Jeanne Whalen, writing for The Washington Post:
China’s most famous billionaire has suffered months of mounting trouble, with regulators turning the screws on his tech empire. And now social media is abuzz with the darkest speculation yet: Is Jack Ma missing?
The charismatic founder of the e-commerce giant Alibaba, known for his frequent Davos appearances and Michael Jackson dance moves, hasn’t been seen in public since late October, when he criticized Chinese regulators in a speech.
His absence, combined with regulatory troubles including a recent antitrust probe, have fueled wild speculation on social media about his whereabouts, with some fearing he is under house arrest. In China, it’s not unusual for powerful figures to disappear with little public explanation when they fall afoul of authorities — such as in 2018, when the country’s most prominent movie star, Fan Bingbing, fell off the map for months before reemerging to confess to tax evasion.
No need to read too much into it. I’m sure he’s fine.
BBC News:
A World Health Organization (WHO) team due to investigate the origins of Covid-19 in the city of Wuhan has been denied entry to China. […]
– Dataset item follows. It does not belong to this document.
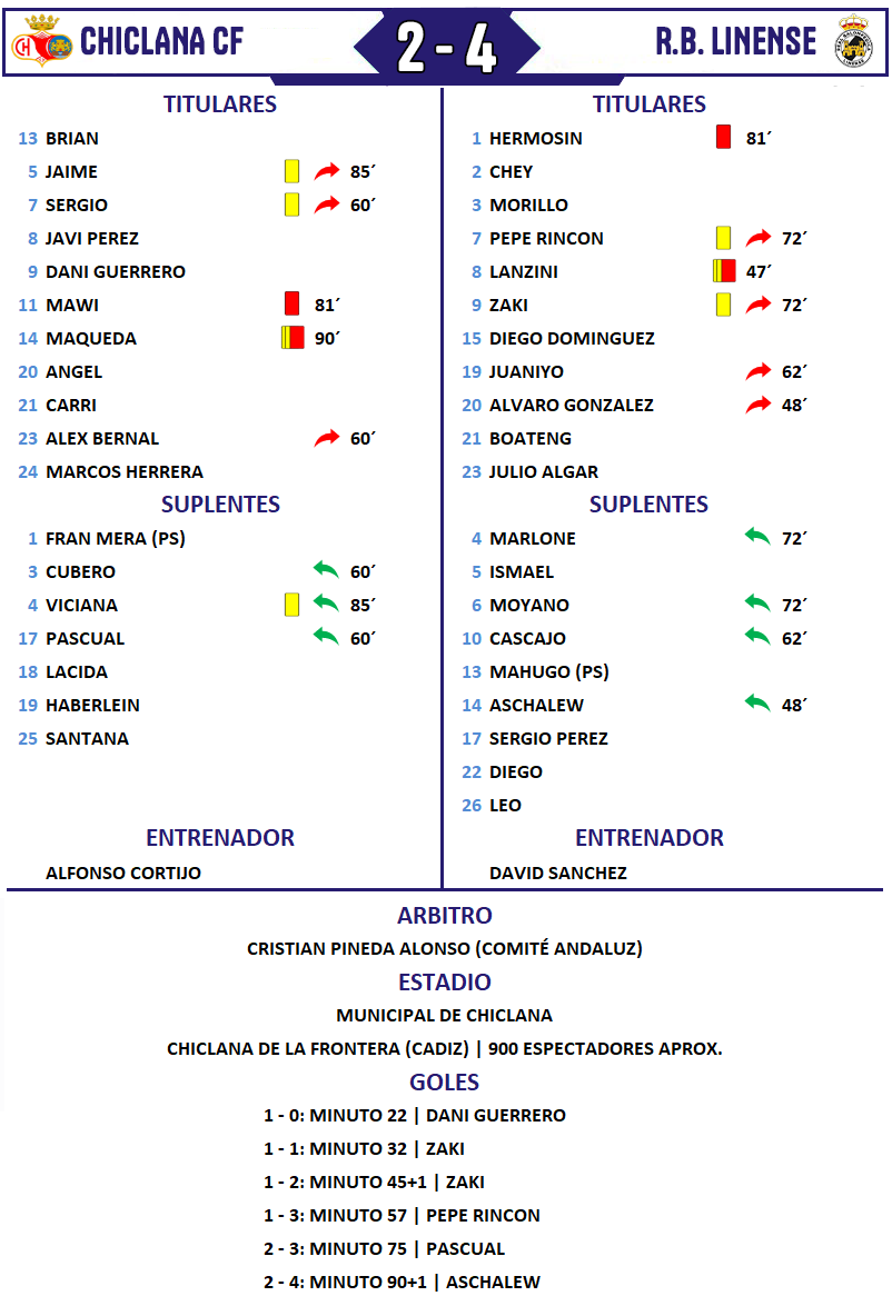 Los linenses, que habían salido sólidos, se desarregló un poco con el error. O el Chiclana se rehízo con el suspiro de alivio de ver que se había salvado por los pelos. Lo cierto es que en el 21′ tras una jugada en la que los visitantes enlazaron errores y algún resbalón inoportuno, llegó el 1-0, obra de Dani Guerrero (ex de Los Barrios).

WHO chief Tedros Adhanom Ghebreyesus said he was “very disappointed” that China had not yet finalised the permissions for the team’s arrivals “given that two members had already begun their journeys and others were not able to travel at the last minute”.
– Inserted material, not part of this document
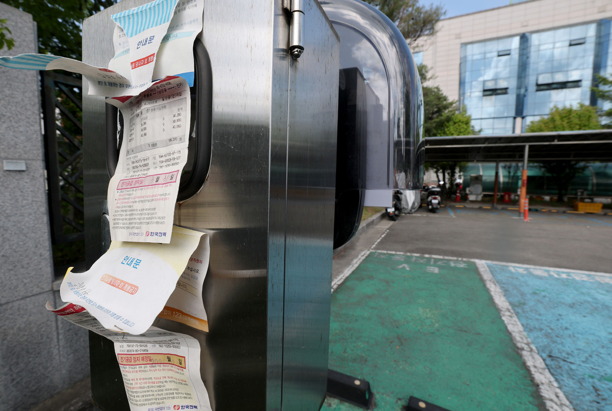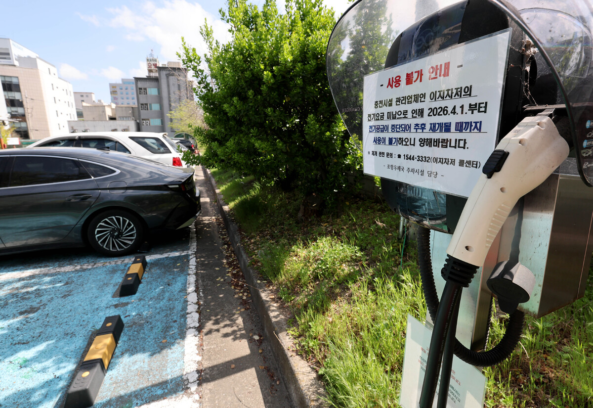 전기차 이용자 권모 씨(35)는 지난 14일 오전 포항우체국 주차장을 찾았다가 낭패를 봤다. 급하게 충전이 필요해 관공서 주차장 충전소를 찾았지만, 충전기는 꺼져 있었고 기기 뒤편엔 한국전력이 발행한 ‘전기공급 정지 안내문’만 붙어 있었다.
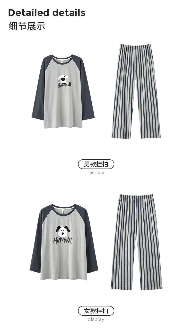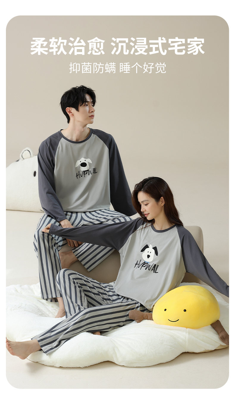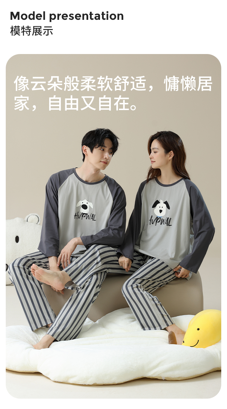 【抗菌新疆棉】自然醒「恋爱ing」情侣睡衣女春秋款纯棉男士长袖家居服JLM

“I have been assured that China is speeding up the internal procedure for the earliest possible deployment,” he told reporters in Geneva on Tuesday, explaining that he had been in contact with senior Chinese officials to stress “that the mission is a priority for WHO and the international team”.
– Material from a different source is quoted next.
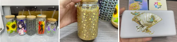 2. most material: plastic, glass, ceramics, paper, paperboard, metal, leather and so on.such as pen, notebook, phone case, mouse, vase, bottle, can, mug, packing box, purse, pad, USB flash disk, electric appliance.
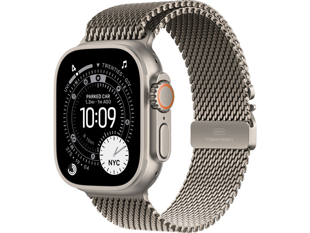 Apple Watch Ultra 3, 49 мм натуральный титановый корпус с Natural Titanium Milanese браслет - S (130-160 мм)

Chinese foreign ministry spokesperson Hua Chunying told the BBC “there might be some misunderstanding” and “there’s no need to read too much into it”.
“No need to read too much into it.” I like that. We can use that for everything related to the Chinese government, whose behavior throughout this whole pandemic has been perfectly normal, and not at all suggestive of a serious cover-up.
Kara Swisher, writing for New York Magazine:
That is why Twitter and Facebook and YouTube, which are the three main conduits of online communications for most Americans, must now de-platform Trump permanently.
I do not call for this lightly and have always thought that he should get a wider berth owing to being the most newsworthy person on the planet. But it’s long past time to make an example of him as a persistent violator of platform rules who cynically games their laudable impulse toward allowing as much speech as possible. […]
Twitter — Trump’s favored online communications vehicle — says as much in its civic integrity policy, noting that “you may not use Twitter’s services for the purpose of manipulating or interfering in elections or other civic processes.” Well, he has done that over and over on social media, raging like the monster that he has always been.
Trump is the biggest problem (and the immediate threat), no question, but this needs to be less about Trump personally and more about branding Trumpist viewpoints as beyond the pale. Intolerable. Twitter says “you may not use Twitter’s services for the purpose of manipulating or interfering in elections or other civic processes”, but by their actions, clearly the opposite is true. Donald Trump has used Twitter for just such purposes. And now Twitter has let him back on their platform to keep doing it.
Capitol Police said that white nationalist MAGA louts were not allowed to storm through the Capitol, humiliate both houses of Congress, steal with impunity and fart in Nancy Pelosi’s chair. But they did allow it. Federal law enforcement is facing a reckoning in the aftermath of Wednesday’s debacle not because of their words or intentions, but because of their actions and the results.